Portnikow: Zdążyć, nim Putin rozpieprzy całą knajpę

Obrazek użytkownika Mind Service
Artykuł

Rosja umiera na naszych oczach. Jej grabarzem jest Władimir Putin. Na tę katastrofę trzeba się przygotować. I nie należy się na Rosji mścić, ale jej pomóc. Mówię to ja, który oddałem obywatelstwo rosyjskie i przyjąłem ukraińskie.

MACIEJ STASIŃSKI: Padło Debalcewe.
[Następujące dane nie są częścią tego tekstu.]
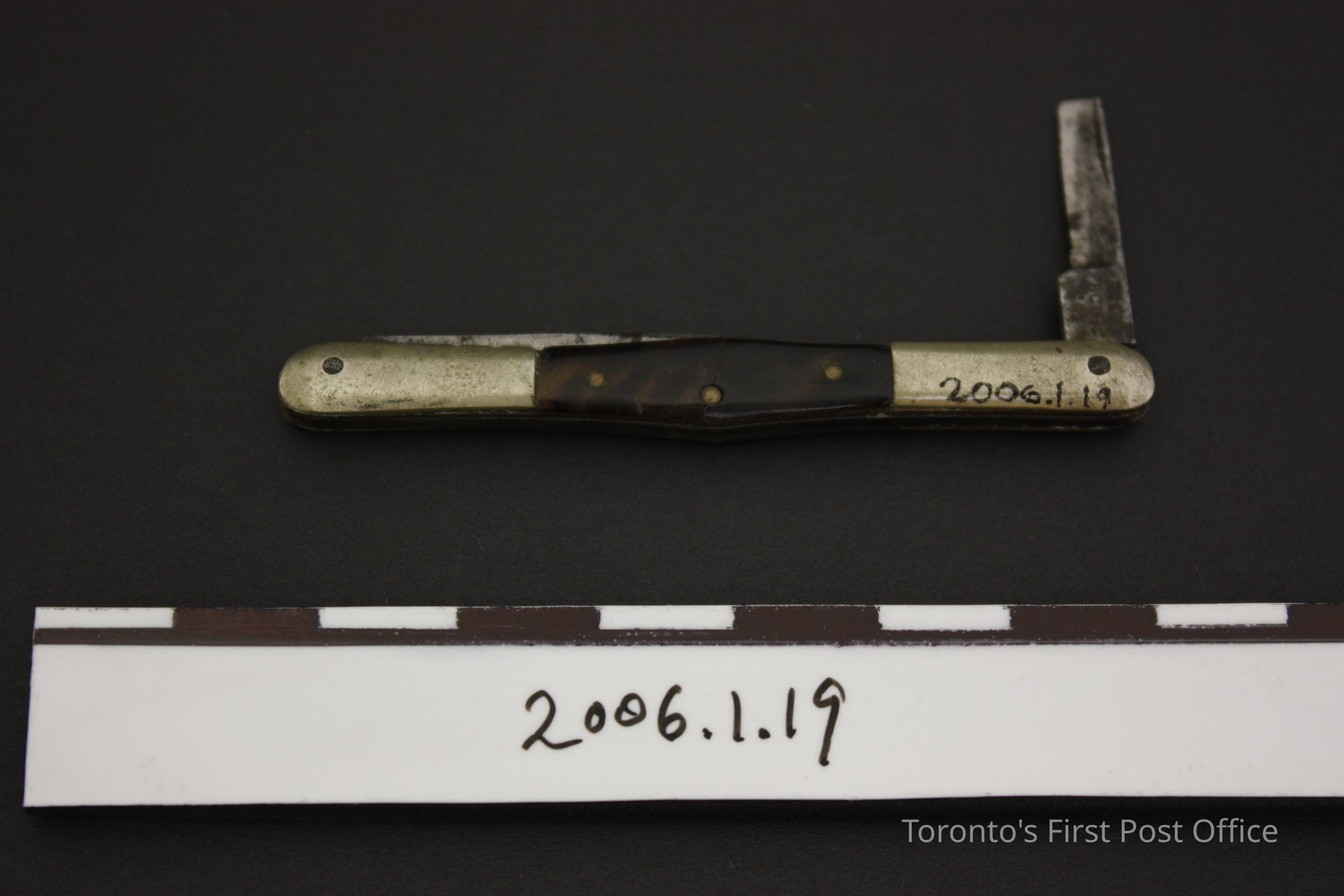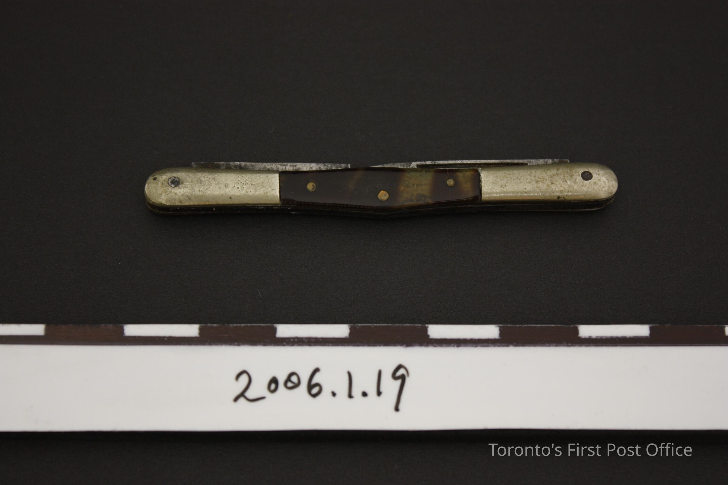 Pen knife with tortoise shell and yellow metal sides; two steel blades; five pins in each side; marked "ANGLO PACIFIC & CO." on both blades; circa 1880-1890.Update Date
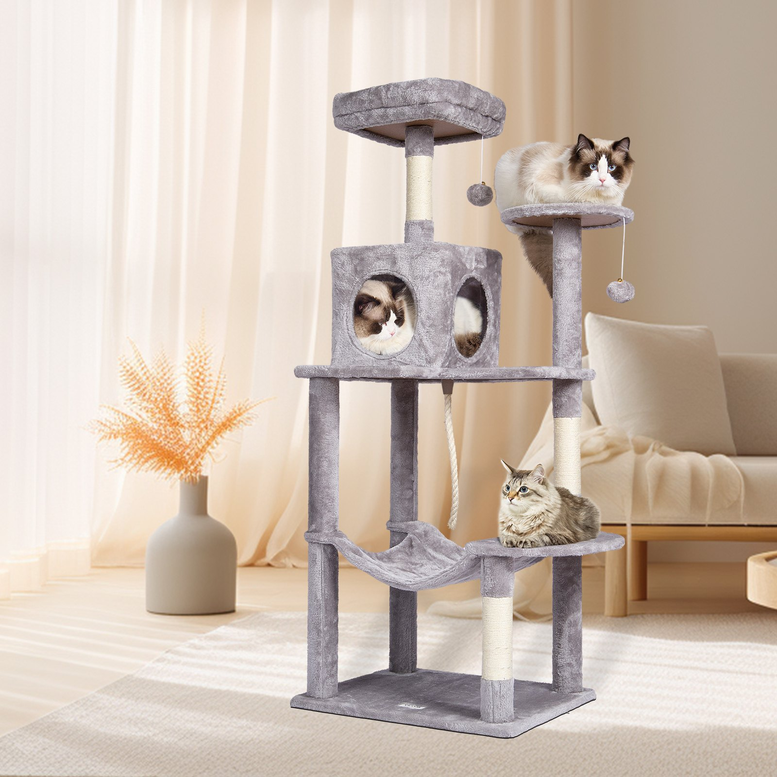 Bring endless entertainment and cozy comfort to your feline’s world with the VEVOR 56.2” Cat Tree for Indoor Cats — a multi-platform playground designed for climbing, lounging, and playtime fun. This elegant light grey cat tower blends seamlessly with modern home décor while providing a safe and engaging vertical environment for your cat to explore.
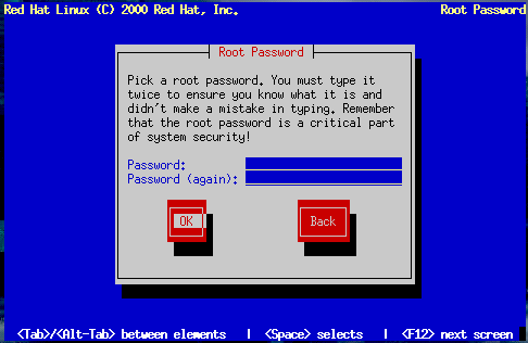 ![]() | You should make the root password something you can remember, but not something that is easy for someone else to guess. Your name, your phone number, qwerty, password, root, 123456, and anteater are all examples of poor passwords. Good passwords mix numerals with upper and lower case letters and do not contain dictionary words: Aard387vark or 420BMttNT, for example. Remember that the password is case-sensitive. Write down this password and keep it in a secure place. |
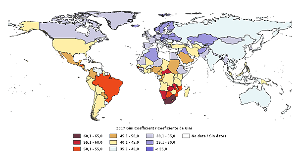 目前全球堅尼系數最高的地方是非洲的納米比亞,亞洲地區中國的吉尼係數超過0.4。但根據北京大學社會科學院的報告,2012年中國家庭凈財產的堅尼系數達到0.73,頂端1%的家庭佔有全國1/3以上的財產。[6]美國堅尼系數達0.42。[3]2001年以後香港達到0.525,2006年高達0.533,2012年更高達0.537[7],香港成為已發達國家中貧富懸殊最嚴重的地區;即使把開發中國家包括在內,香港和新加坡的貧富懸殊也十分嚴重,僅次於薩爾瓦多、哥倫比亞、智利、瓜地馬拉、巴西、南非以及一系列非洲國家而排名倒數18位[2],台灣2010年官方的堅尼系數為0.342[8]2013年學者計算為0.36[3];日本、南韓、歐洲等前沿民主國家的指數亦均低於0.4。
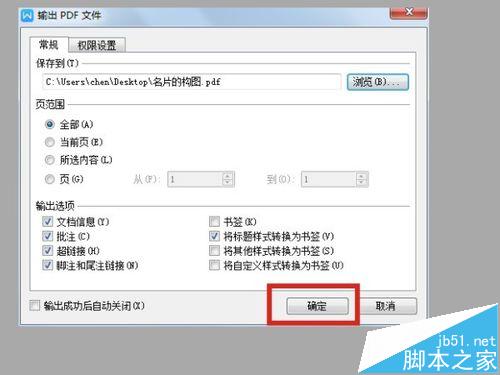 2、出现"输出PDF文件"其他不用选,直接按"确定",如图所示
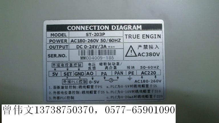 MODEL:ST-203P數(shù)顯手動(dòng)張力控制器溫州祺強(qiáng)機(jī)電設(shè)備有限公司(曾偉文13738750370,0577-65901090,zhwewe123@163.co... 2019-1-22 [重慶重慶] | 面議/臺(tái) 1臺(tái)起訂 | ![]() ![]() ![]() 金牌會(huì)員 | ![]() | |
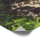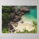 Sandstrand mit grünen Bäumen, Felsen und Ozean Poster
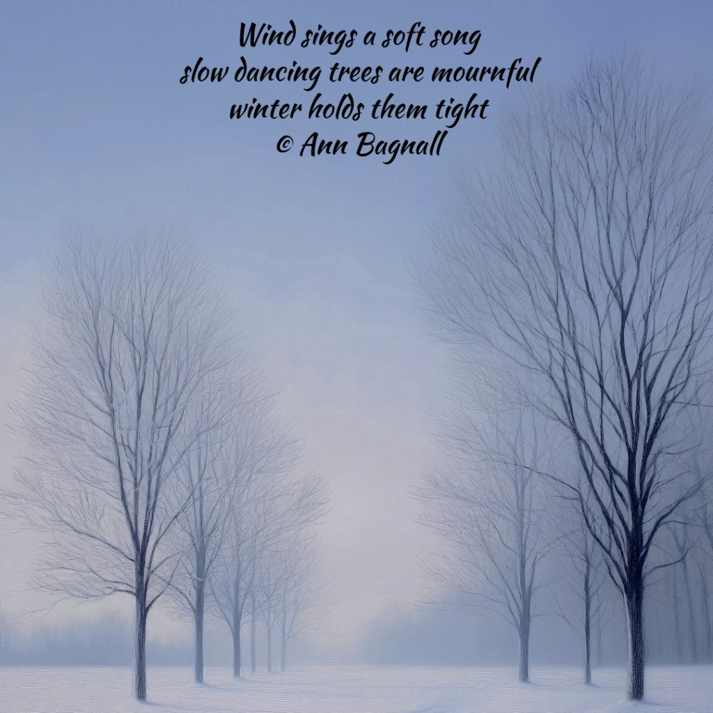 March 7, 2025February 28, 2025 Wind sings a soft song slow dancing trees are mournful winter holds them tight © Ann Bagnall Share this: Email a link to a friend (Opens in new window) Email Tweet Print (Opens in new window) Print Like Loading... Related

Co to oznacza dla tej wojny? 

WITALIJ PORTNIKOW: Do wczoraj uważałem, że Władimir Putin to szachista i wpadł na świetną kombinację. Ponieważ chce udobruchać Zachód i jednocześnie trząść Ukrainą, to uznał, że podpisze porozumienie pokojowe w Mińsku o zawieszeniu broni na całym froncie, a sam dalej będzie wojował o Debalcewe bez końca i w ten sposób kołysał Ukrainą. Że jak zaproponuje pokój na całej linii frontu, to Zachód zniesie sankcje. I niech będzie jak wcześniej, a tam w Debalcewem będą się bić, póki Ukraina nie uzna, że miasto należy do zbuntowanych republik.

Ale przeceniłem Putina. On nie jest szachistą, on gra w kręgle.

Co zrobi, kiedy już włączył Debalcewe do swoich republik i wyrównał granicę? Albo teraz ogłosi pokój na całym froncie, albo będzie się bił dalej. Albo odda Donbas, albo zatrzyma. I tak źle, i tak niedobrze.

Zabranie Donbasu przez Rosję to podarek dla Ukrainy i gwóźdź do trumny rosyjskiej gospodarki. Bo Rosja nie ma pieniędzy na Donbas.